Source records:
((
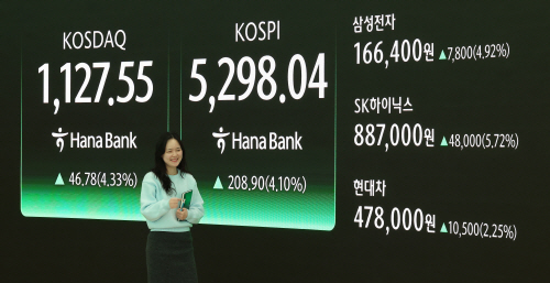 이날 코스피는 전장보다 209.96p(4.13%) 오른 5299.10으로 출발해 208.90p(4.10%) 오른 5298.04에 장을 마쳤다.
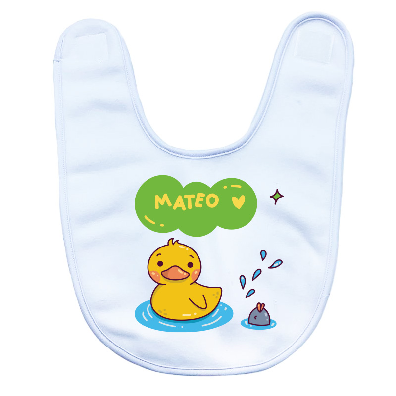 Este babero cierre velcro personalizado con patito y nombre es un gran regalo para una fiesta de Baby shower y dar la bienvenida a un nuevo bebé o para alguna ocasión especial.
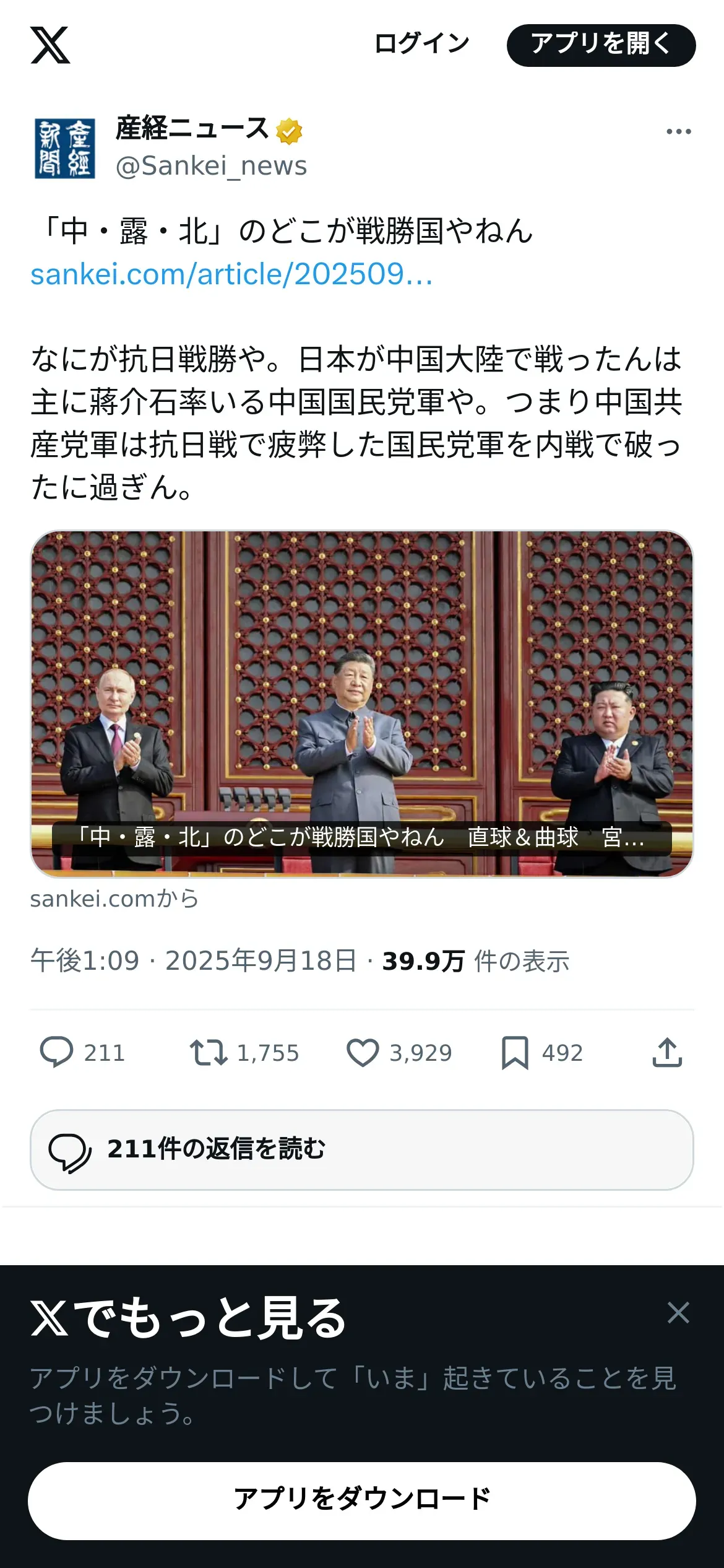 https://x.com:443/Sankei_news/status/1968527664899326257?t=A13AAT-LamjQp9vuG9FbkQ&s=19
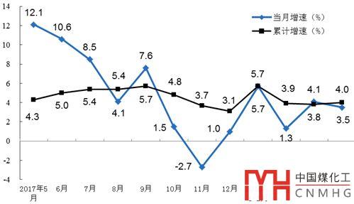 5月份全國原煤產量2.97億噸,同比增長3.5%。1~5月份,累計原煤產量14.0億噸,同比增長4.0%。
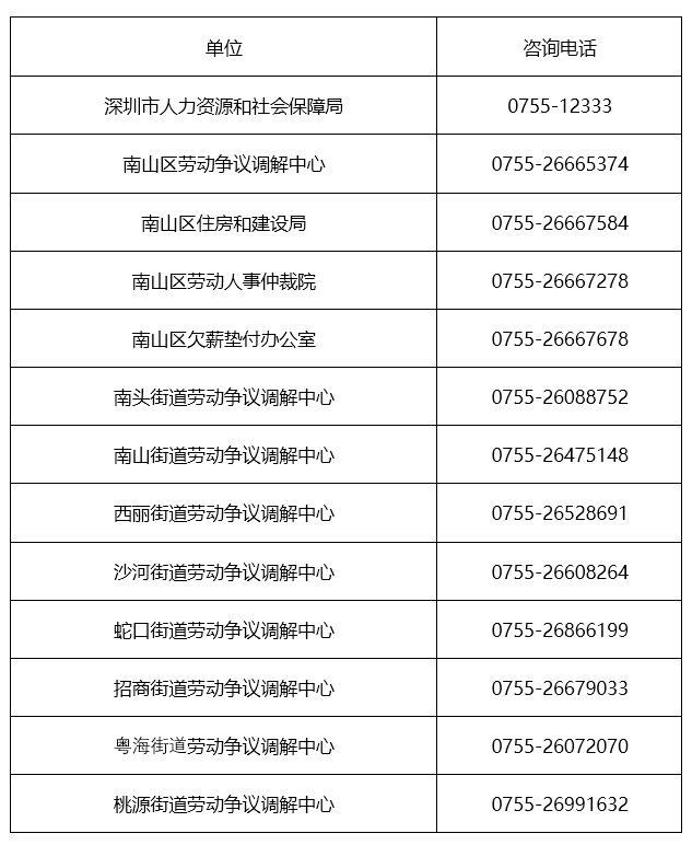 企業(yè)和職工均可致電深圳市南山區(qū)人力資源局(電話:26576148),咨詢(xún)用工過(guò)程中出現(xiàn)的問(wèn)題,區(qū)人力資源局將竭誠(chéng)指導(dǎo)服務(wù)。也可以按需求、分片區(qū),通過(guò)以下方式尋求幫助:
))
Pictures aside, restate all of the entries exactly.

§ **Solution to this exercise**:
 이날 코스피는 전장보다 209.96p(4.13%) 오른 5299.10으로 출발해 208.90p(4.10%) 오른 5298.04에 장을 마쳤다.
 Este babero cierre velcro personalizado con patito y nombre es un gran regalo para una fiesta de Baby shower y dar la bienvenida a un nuevo bebé o para alguna ocasión especial.
 https://x.com:443/Sankei_news/status/1968527664899326257?t=A13AAT-LamjQp9vuG9FbkQ&s=19
 5月份全國原煤產量2.97億噸,同比增長3.5%。1~5月份,累計原煤產量14.0億噸,同比增長4.0%。
 企業(yè)和職工均可致電深圳市南山區(qū)人力資源局(電話:26576148),咨詢(xún)用工過(guò)程中出現(xiàn)的問(wèn)題,區(qū)人力資源局將竭誠(chéng)指導(dǎo)服務(wù)。也可以按需求、分片區(qū),通過(guò)以下方式尋求幫助:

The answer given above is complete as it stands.